In total, Xi replaced more than half of the 24-member Politburo and is now firmly in control of the party. He likely will remain so as long as his health permits.

Having Xi in solid control of the CCP is a bad outcome for U.S. interests and international stability. In fact, it could become a national security crisis for the West — not only because Xi is determined to attack U.S. interests. He and his predecessors have been doing so, but Xi now believes that China has the military power to do so. This places a great strain on the ability of the United States to deter his aggression.

Xi’s speech to the party did not necessarily define a new era in Sino-American relations, but it clearly exposed his and the party’s ambitions — and now Xi believes he holds the power to take bold action. In his address, Xi proclaimed that China is on its way to achieving its second centenary goal of creating a modern socialist country, implying that China can set the rules of global politics and overturn the liberal international order. His remark attacking “hegemonism” was a stalking horse for the U.S. and its allies; he explicitly targeted Taiwan.

His was an audacious address, with grave consequences for the United States. Two immediate consequences come to mind. First, the U.S. must take Xi at his word. He announced that the U.S. is an enemy of the CCP, that China can replace the U.S., and that it is determined to do so.  Of course, he has expressed this many times before — these are core principles of “Xi Jinping Thought” and what he seeks to achieve for the party — but these ambitions are now crystallized as part of the 20th Party Congress. Taking Xi at his word requires the West to end its strategies of engagement with China, which have been dominant for many decades.

The enemy has proclaimed his intentions, and this compels a unified response from the West. To start, the Biden administration needs to explain why the U.S. and its allies must achieve victory over the CCP — and how they will do so. Advancing a strategy of victory is the first step toward ensuring that the world remains free of Communist China’s tyranny. The Biden administration should enlist support from the American people and motivate those within China who are opposed to the CCP. It is essential to present the CCP with global, unified opposition.

If President Biden does not advance such a strategy, the world will lack the leadership necessary to defeat the CCP. This is precisely what has contributed to the party’s success thus far.

Second, the West must send aid to Taiwan now to deter China’s aggression. The risk of coercion against Taiwan is great — whether a maritime or aerial blockade, a limited aims strategy or total war to conquer the island, or an air and missile campaign to destroy its military and population centers — because this comes directly from Xi’s public declarations. Whether Taiwan could defend its sovereignty is an open question. The point, of course, is to deter coercive measures before they are launched. This requires having robust conventional and nuclear deterrence capability and an unalloyed commitment to Taiwan, yet both are lacking.

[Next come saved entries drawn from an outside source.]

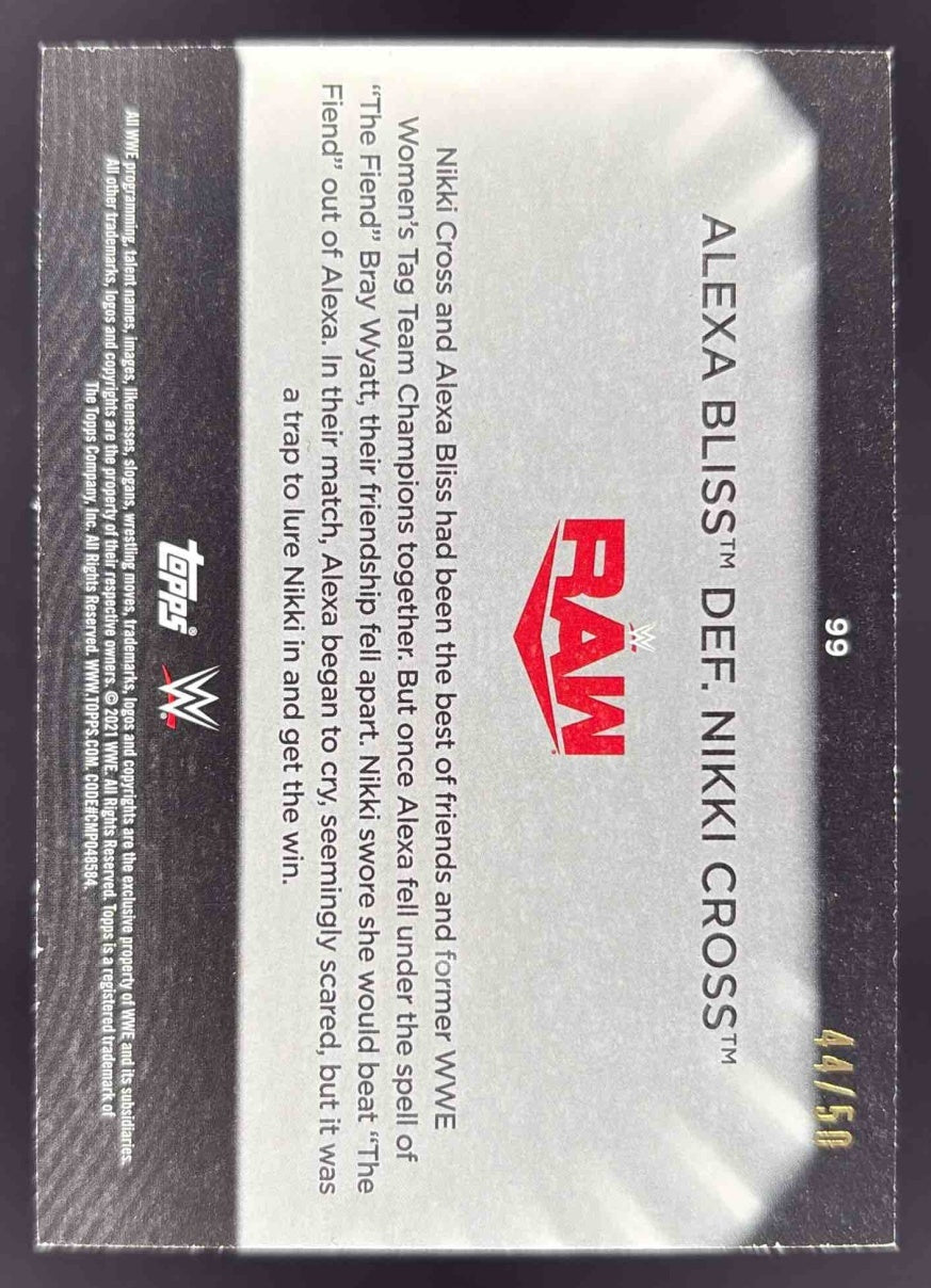 2021 Topps WWE Women's Division Green #99 Alexa Bliss def. Nikki Cross /50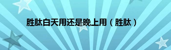 大家好,小联来为大家解答以上的问题。胜肽白天用还是晚上用,胜肽这个很多人还不知道,现在让我们一起来看看吧!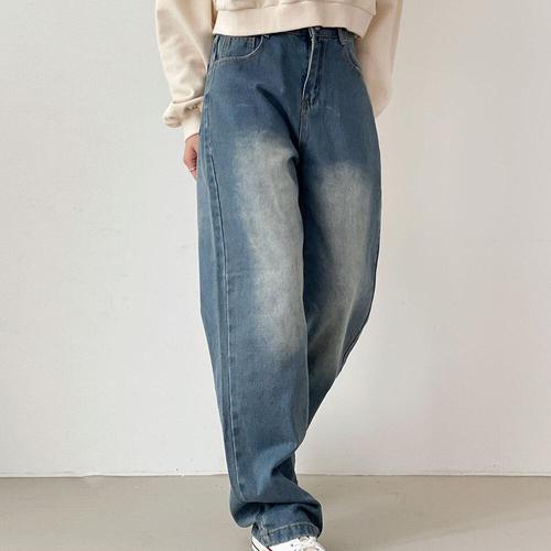 [미라클세븐]여성 루즈핏 워싱 로우라이즈 청바지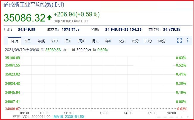 1、截止发稿时间,道琼斯报于:35063.01,成交量:1279.13万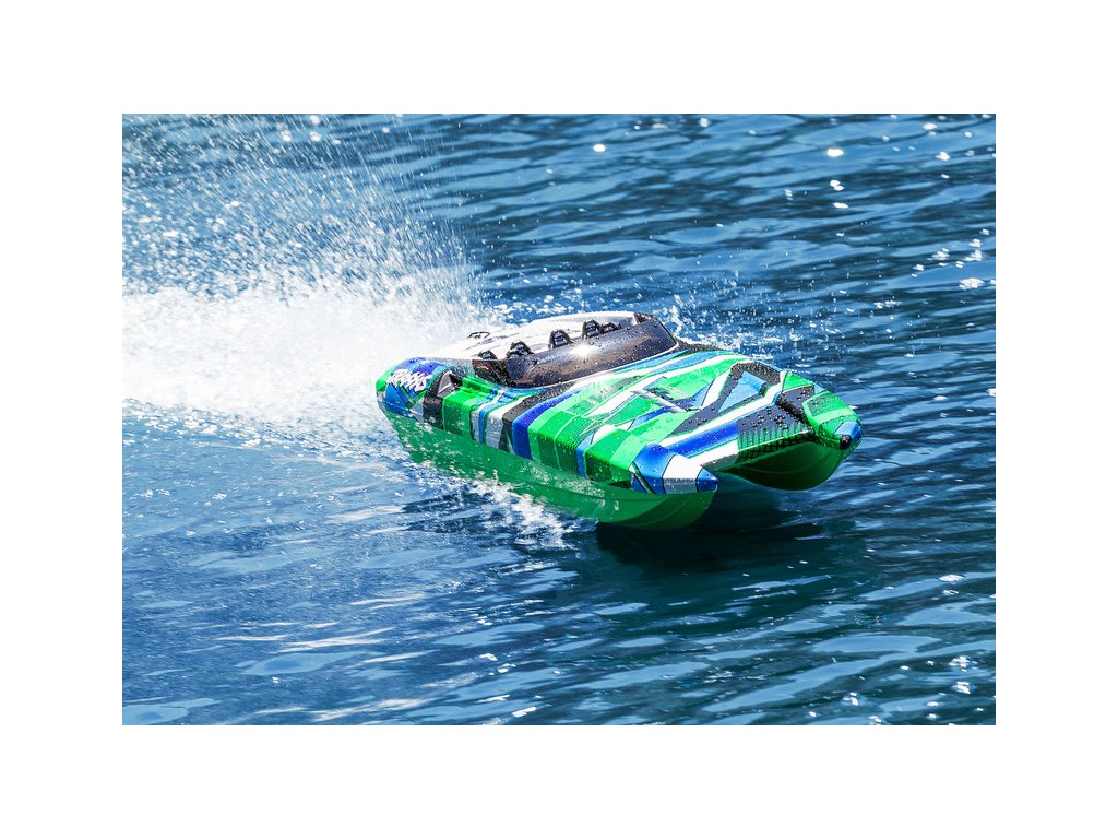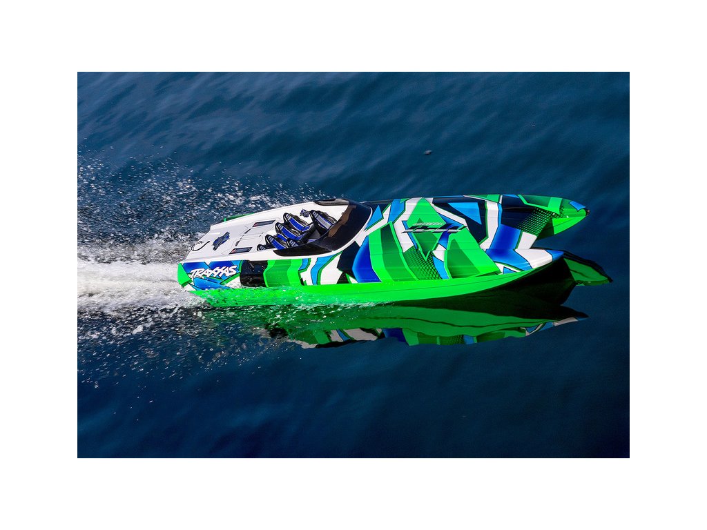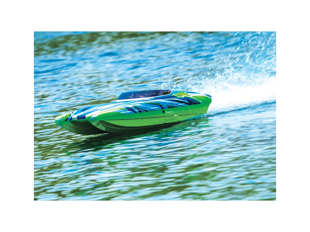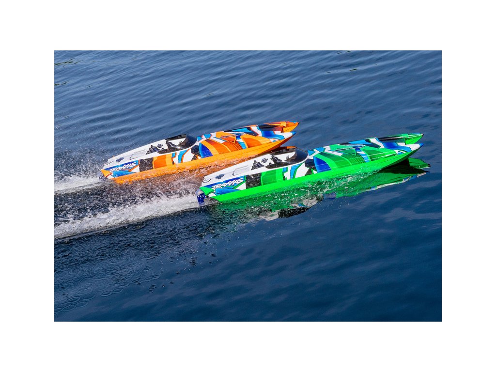 Skutečný závodní člun DCB M41, vyráběný firmou Dave´s Custom Boats, dosahuje rychlosti přes 250 km/h, je poháněn benzinovým motorem až o výkonu 1550 koní. Traxxas pro Vás připravil dálkově řízený model lodi, který Vás rozhodně nezklame. Délka trupu je 105 cm, samozřejmostí je stabilizace Traxxas TSM, RC souprava Traxxas TQi a osvědčený pohon. Pro zprovoznění potřebujete pouze pohonné baterie a nabíječ.

The zigzags of the Biden administration on whether the U.S. would defend Taiwan have sustained an ambiguity in U.S. deterrence policy that must be eliminated. A permanent, overt U.S. military presence on the island, in conjunction with forces from NATO, Australia, Japan, India and Philippines, could provide the conventional deterrent needed. To strengthen nuclear deterrence, U.S. tactical nuclear weapons are needed. The U.S. simply has too few to address deterrent obligations from China and Russia. The Biden administration should consider moving tactical nuclear forces (B-61s) from European bases to the Indo-Pacific. Theater nuclear must be developed and deployed, and so the importance of developing the Nuclear-Armed Sea-Launched Cruise Missile (SLCM-N) is essential.

The U.S. cannot depend solely on its strategic arsenal — already hard pressed — for deterrence of Russia and China, particularly in a scenario involving defense of Taiwan. The proximity of Beijing’s conventional and sub-strategic systems invites its aggression against Taiwan. Beijing might believe it could employ tactical or theater forces to gain victory without escalation to the strategic level because of its superiority in capabilities and willpower, thinking that the balance of resolve favors it rather than Washington.

Xi’s remarks should come as no surprise, though it was novel to see the demonstration of his power within the party and the humiliation of his opponents — all proof of his ruthless ambition. Biden must respond to Xi by articulating forcefully that the West will not tolerate any aggression against the United States, its allies or partners, and that the U.S. is determined to achieve victory over the CCP.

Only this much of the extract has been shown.